Kazakhstan Federation of Radiosport and Radio Amateur Qazaqstannyñ Radiosport jäne Radioäuesqoi Federatsiiasy
- Abbreviation: KFRR, ҚРРФ, КФРР
- Type: Non-profit organization
- Purpose: Advocacy, Education
- Location(s): Nur-Sultan, Kazakhstan ​MO51sd;
- Region served: Kazakhstan
- Official language: Kazakh, Russian
- Presidium Chairman: Seitkul Assaubay UN7BM
- Affiliations: International Amateur Radio Union
- Website: https://kfrr.kz/

= Kazakhstan Federation of Radiosport and Radio Amateur =

The Kazakhstan Federation of Radiosport and Radio Amateur (Қазақстанның Радиоспорт және Радиоәуесқой Федерациясы; Казахстанская Федерация Радиоспорта и Радиолюбительства) is a national non-profit organization for amateur radio enthusiasts in Kazakhstan.

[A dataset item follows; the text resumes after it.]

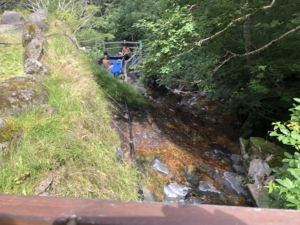 白しげの滝 国内でも有数の地下水の滝、コバルトブルーに輝く美瑛川本流にかかり、十数条の細い糸を引くように落水する美しい景色を橋の上から見る事ができました。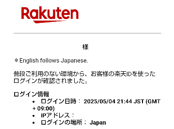 え!?その時間に楽天にログインなんかしてないぞ!!パスワードが割れたのか!?やばい!!

KFRR promotes amateur radio in Kazakhstan by sponsoring amateur radio operating awards and radio contests. The KFRR organizes and supports Amateur Radio Direction Finding competitions and the Kazakhstan national ARDF team. The KFRR also represents the interests of Kazakhstan amateur radio operators before Kazakhstan and international telecommunications regulatory authorities. KFRR is the national member society representing Kazakhstan in the International Amateur Radio Union, which it joined on February 10, 2009.